Dataset records
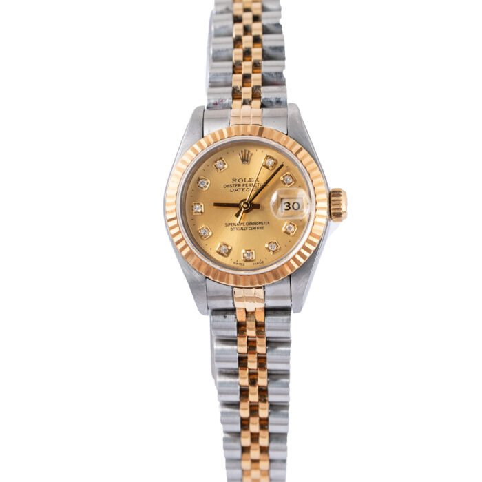 This Rolex Datejust 69173 has a Champagne dial and a Bracelet strap.
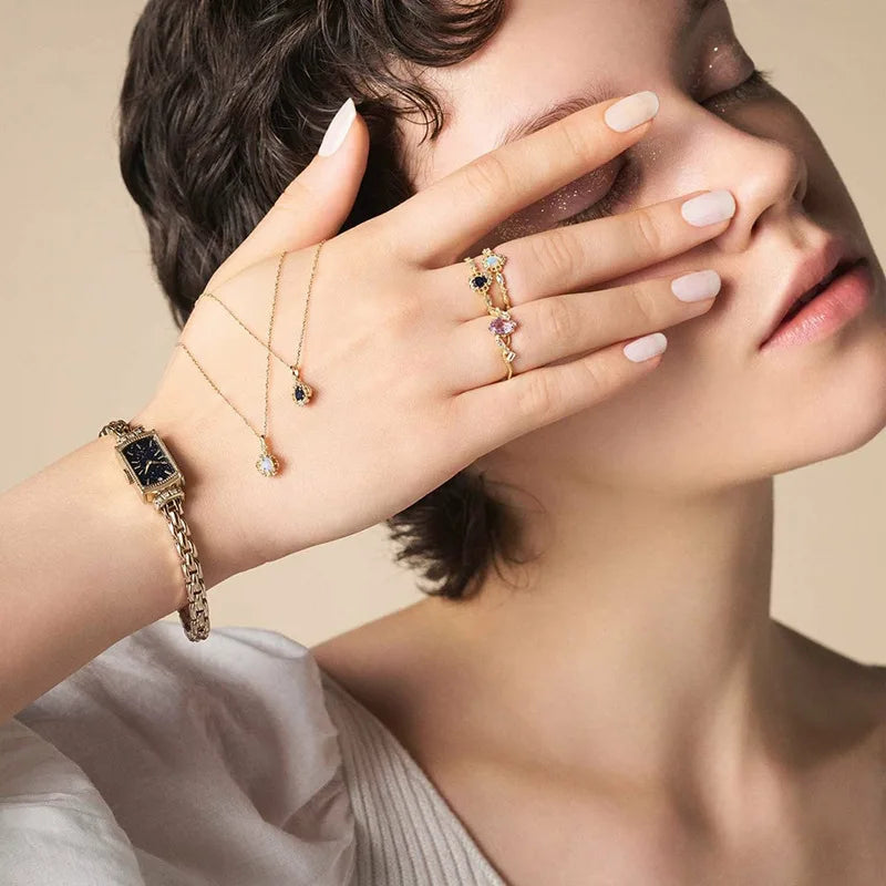 925 Sterling Silver 14K Gold Plated Gemstone Retro Geometric Circle Flower Aventurine Natural Australia Opal Necklace
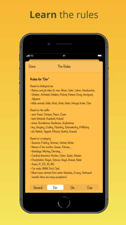 Der Die Das? brings order to the chaos. Using cards organized in decks you will stay on top. There are way more than 300 words included in the app. Future updates will increase this number.
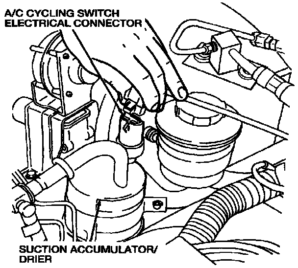 NOTE: The A/C cycling switch is located on top of the suction accumulator/drier. It is mounted on a Schrader valve, so the A/C cycling switch can be removed without discharging the A/C system.
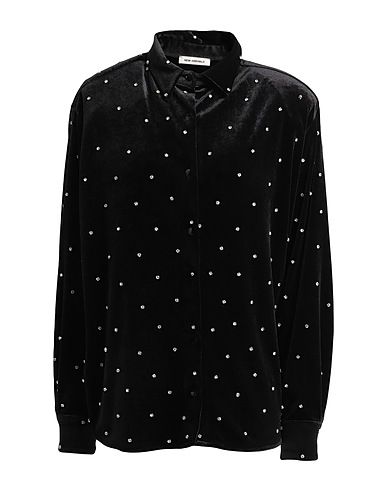 Hemd, Samt, Einfarbig mit Applikationen, Kristalle, Klassischer Kragen, lange Ärmel, Knopfverschluss, Ohne Taschen, Chemische Reinigung, nicht Bleichen, Trockner ungeeignet
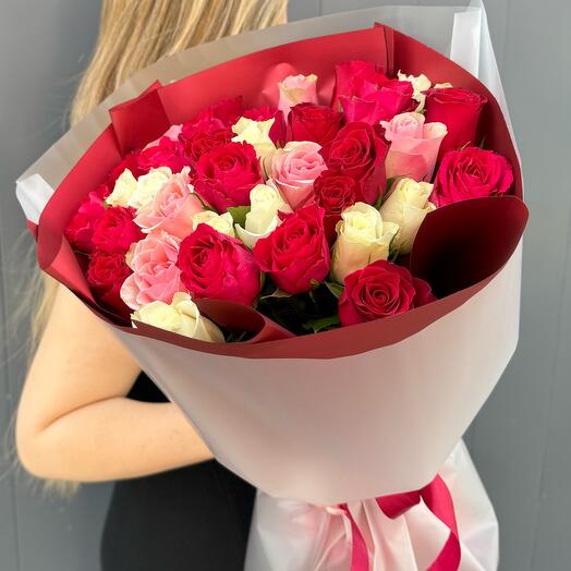 Состав: роза кенийская микс - 35 шт, упаковка
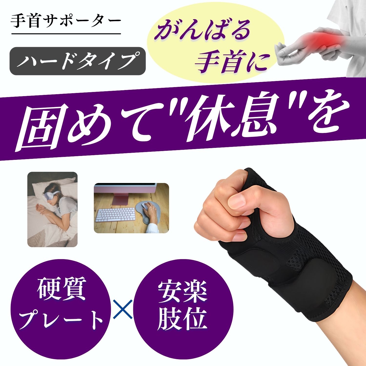 手首 サポーター 固定タイプ【理学療法士企画】腱鞘炎 手根管症候群 捻挫 左右兼用 男女兼用 スポーツ 赤ちゃん 抱っこ 育児 ゴルフ テニス 女性 男性 リラサポ
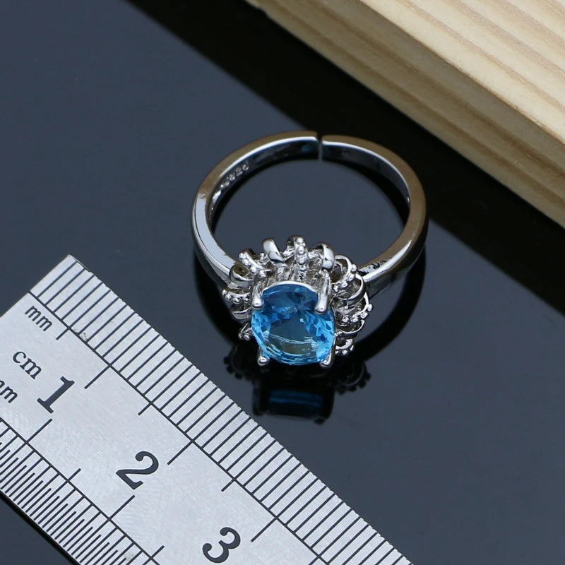 Silver 925 Jewelry Sets for Women Sky Blue Crystal Birthstone Fashion Jewelry Gift for Her Party Necklace Sets
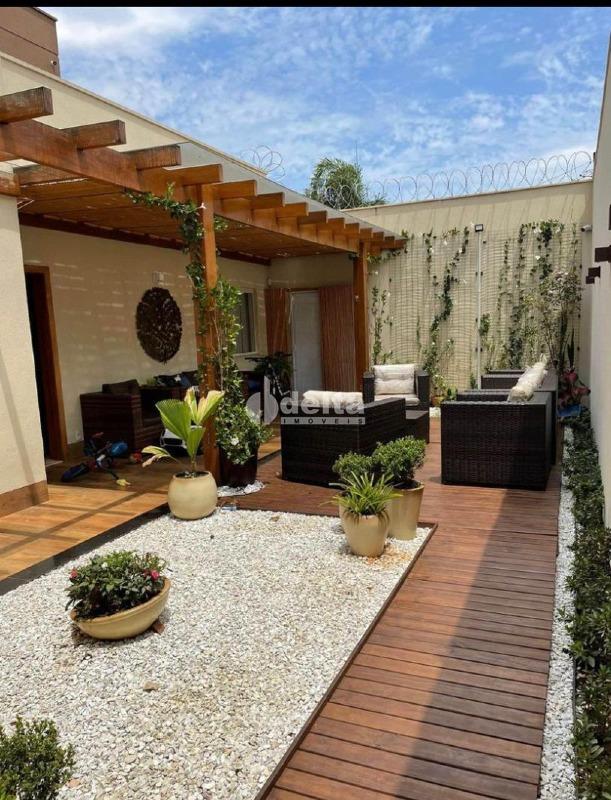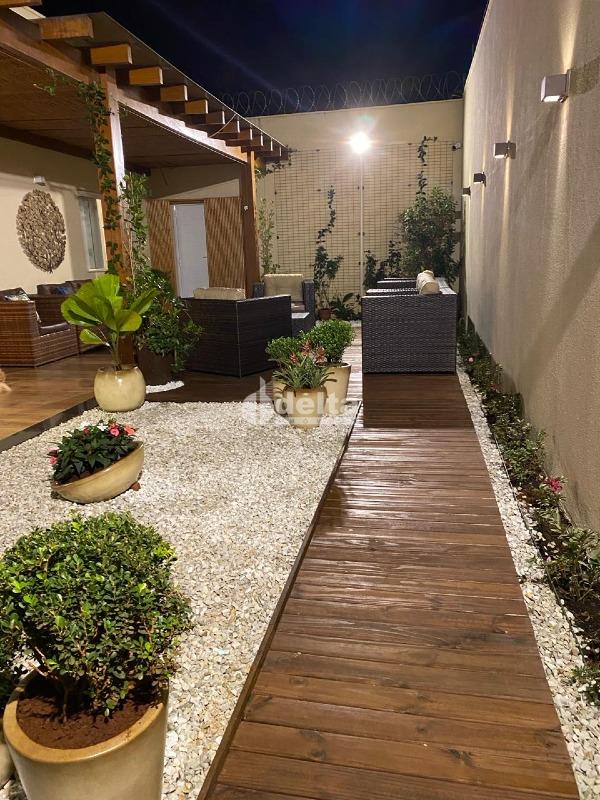 Linda casa no Santa Mônica, muito próxima a UFU e ao Center Shopping, com área construída de 220,00 m² e terreno com 280,00 m², sendo, 3 quartos com armários um deles, 1 suíte com closet, sala, copa com jardim de inverno, banheiro social, lavabo, cozinha com moveis planejados, área de serviço, lavanderia separada, área gourmet com churrasqueira, varanda externa com paisagismo e 02 vagas de garagem.
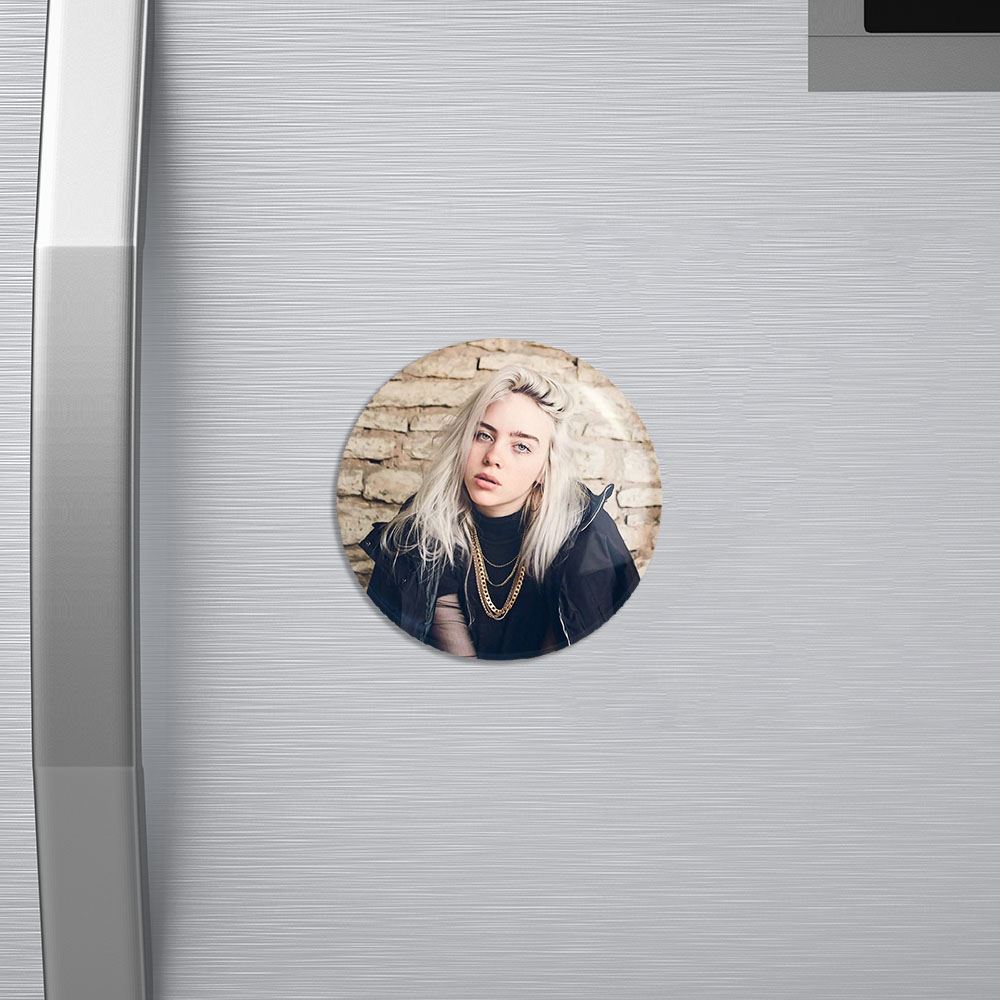 مگنت بیلی آیلیش Billie Eilish خندالو با روکش سلفون مات مخملی ضدخش و قطعه پشتی فلزی تولید شده است که آهنربای اتمی بکار برده شده در محصول، بصورت مخفی تعبیه شده ودیده نمی شود. ضمن اینکه گیرایی بسیار بالایی داشته و به هیچ عنوان از روی یخچال نمی افتد.
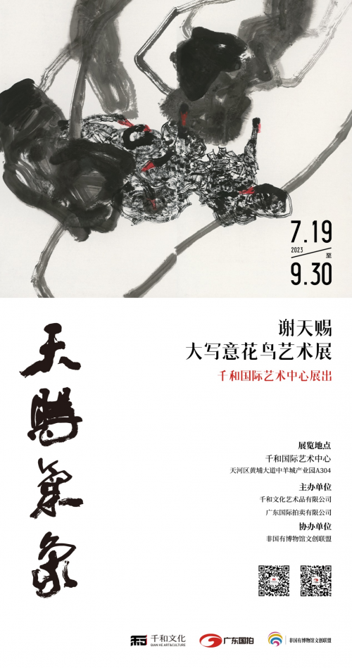 2023年7月19日下午,由广东千和文化艺术品有限公司与广东国际拍卖有限公司联合主办的“天赐气象——谢天赐大写意花鸟画艺术展”在千和国际艺术中心隆重开幕。本次展览是当代中国最具影响力的大写意花鸟画家谢天赐先生近年来创作的精品力作的集中展示,也是他对中国当代大写意花鸟画艺术发展的重要贡献。展览吸引了众多艺术界人士、收藏家、企业家、媒体和公众的关注和参与,现场气氛热烈。
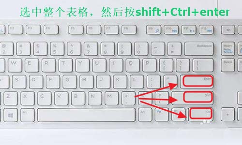 首先将这个表格全部选中,然后按住快捷键Ctrl+shift+enter,然后表格前面同样会增加空行;
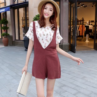 夏款文藝女裝寬松舒適棉麻背帶短褲女 閨蜜裝韓國連體褲高腰薄款 /
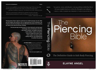 The Piercing Bible - A factual consumers' guide to safe body piercing by one of the world's most respected, experienced, and renowned professional body piercers. This one-of-a-kind resource also contains information for people who deal with piercees: medical professionals, educators, parents, and others. There's plenty of tips and techniques for piercers, too! Over 300 pages with many illustrations and photos. Angel has performed over 40,000 piercings since the 1980s. There is no other in-depth reference book exclusively about body piercing.

**Work request:** Drop the images and transcribe the entries above exactly.

**Solved exercise:**
 This Rolex Datejust 69173 has a Champagne dial and a Bracelet strap.
 925 Sterling Silver 14K Gold Plated Gemstone Retro Geometric Circle Flower Aventurine Natural Australia Opal Necklace
 Der Die Das? brings order to the chaos. Using cards organized in decks you will stay on top. There are way more than 300 words included in the app. Future updates will increase this number.
 NOTE: The A/C cycling switch is located on top of the suction accumulator/drier. It is mounted on a Schrader valve, so the A/C cycling switch can be removed without discharging the A/C system.
 Hemd, Samt, Einfarbig mit Applikationen, Kristalle, Klassischer Kragen, lange Ärmel, Knopfverschluss, Ohne Taschen, Chemische Reinigung, nicht Bleichen, Trockner ungeeignet
 Состав: роза кенийская микс - 35 шт, упаковка
 手首 サポーター 固定タイプ【理学療法士企画】腱鞘炎 手根管症候群 捻挫 左右兼用 男女兼用 スポーツ 赤ちゃん 抱っこ 育児 ゴルフ テニス 女性 男性 リラサポ
 Silver 925 Jewelry Sets for Women Sky Blue Crystal Birthstone Fashion Jewelry Gift for Her Party Necklace Sets
 Linda casa no Santa Mônica, muito próxima a UFU e ao Center Shopping, com área construída de 220,00 m² e terreno com 280,00 m², sendo, 3 quartos com armários um deles, 1 suíte com closet, sala, copa com jardim de inverno, banheiro social, lavabo, cozinha com moveis planejados, área de serviço, lavanderia separada, área gourmet com churrasqueira, varanda externa com paisagismo e 02 vagas de garagem.
 مگنت بیلی آیلیش Billie Eilish خندالو با روکش سلفون مات مخملی ضدخش و قطعه پشتی فلزی تولید شده است که آهنربای اتمی بکار برده شده در محصول، بصورت مخفی تعبیه شده ودیده نمی شود. ضمن اینکه گیرایی بسیار بالایی داشته و به هیچ عنوان از روی یخچال نمی افتد.
 2023年7月19日下午,由广东千和文化艺术品有限公司与广东国际拍卖有限公司联合主办的“天赐气象——谢天赐大写意花鸟画艺术展”在千和国际艺术中心隆重开幕。本次展览是当代中国最具影响力的大写意花鸟画家谢天赐先生近年来创作的精品力作的集中展示,也是他对中国当代大写意花鸟画艺术发展的重要贡献。展览吸引了众多艺术界人士、收藏家、企业家、媒体和公众的关注和参与,现场气氛热烈。
 首先将这个表格全部选中,然后按住快捷键Ctrl+shift+enter,然后表格前面同样会增加空行;
 夏款文藝女裝寬松舒適棉麻背帶短褲女 閨蜜裝韓國連體褲高腰薄款 /
 The Piercing Bible - A factual consumers' guide to safe body piercing by one of the world's most respected, experienced, and renowned professional body piercers. This one-of-a-kind resource also contains information for people who deal with piercees: medical professionals, educators, parents, and others. There's plenty of tips and techniques for piercers, too! Over 300 pages with many illustrations and photos. Angel has performed over 40,000 piercings since the 1980s. There is no other in-depth reference book exclusively about body piercing.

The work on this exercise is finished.